_DATASET CONTENT_
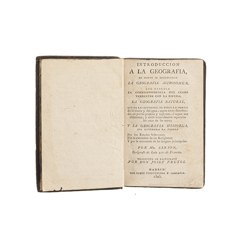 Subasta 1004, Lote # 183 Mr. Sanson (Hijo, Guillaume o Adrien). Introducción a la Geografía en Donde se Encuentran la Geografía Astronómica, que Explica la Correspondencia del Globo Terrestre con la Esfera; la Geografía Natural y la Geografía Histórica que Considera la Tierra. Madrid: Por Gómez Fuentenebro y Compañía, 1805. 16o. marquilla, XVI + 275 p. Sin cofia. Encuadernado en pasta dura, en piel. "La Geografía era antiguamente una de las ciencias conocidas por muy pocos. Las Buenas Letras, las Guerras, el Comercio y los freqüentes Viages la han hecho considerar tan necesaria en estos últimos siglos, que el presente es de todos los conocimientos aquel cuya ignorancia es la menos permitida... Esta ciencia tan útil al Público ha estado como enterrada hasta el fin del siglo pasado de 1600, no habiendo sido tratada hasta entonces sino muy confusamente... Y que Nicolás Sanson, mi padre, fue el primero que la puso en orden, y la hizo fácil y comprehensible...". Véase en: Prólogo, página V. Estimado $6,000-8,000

==

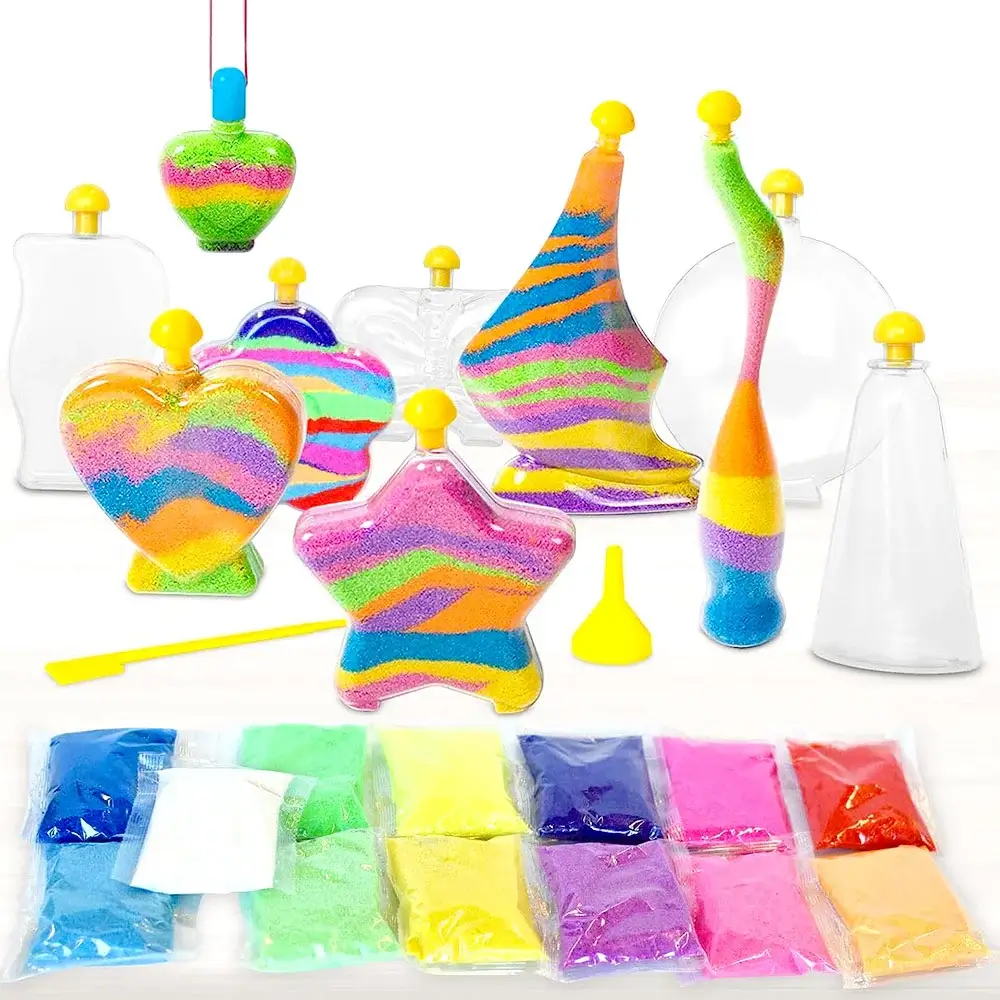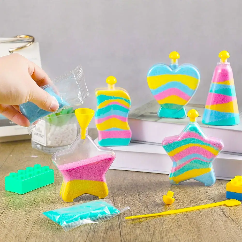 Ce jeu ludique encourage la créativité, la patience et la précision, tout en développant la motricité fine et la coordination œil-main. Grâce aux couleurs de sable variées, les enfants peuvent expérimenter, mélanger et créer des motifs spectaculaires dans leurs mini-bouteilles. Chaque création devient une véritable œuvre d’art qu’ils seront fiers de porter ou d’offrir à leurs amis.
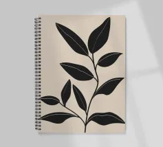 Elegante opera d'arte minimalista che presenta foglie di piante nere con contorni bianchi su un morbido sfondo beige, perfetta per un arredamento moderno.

* * *

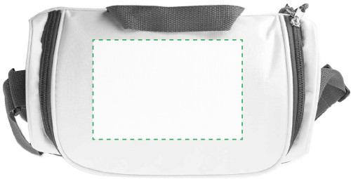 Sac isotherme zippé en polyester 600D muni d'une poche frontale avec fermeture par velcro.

_TASK OBJECTIVE_
Everything between and including the line above containing "Ce jeu ludique" and the line containing "Elegante opera d'arte" should be reproduced exactly, with pictures excluded.

_THE COMPLETED TASK_
 Ce jeu ludique encourage la créativité, la patience et la précision, tout en développant la motricité fine et la coordination œil-main. Grâce aux couleurs de sable variées, les enfants peuvent expérimenter, mélanger et créer des motifs spectaculaires dans leurs mini-bouteilles. Chaque création devient une véritable œuvre d’art qu’ils seront fiers de porter ou d’offrir à leurs amis.
 Elegante opera d'arte minimalista che presenta foglie di piante nere con contorni bianchi su un morbido sfondo beige, perfetta per un arredamento moderno.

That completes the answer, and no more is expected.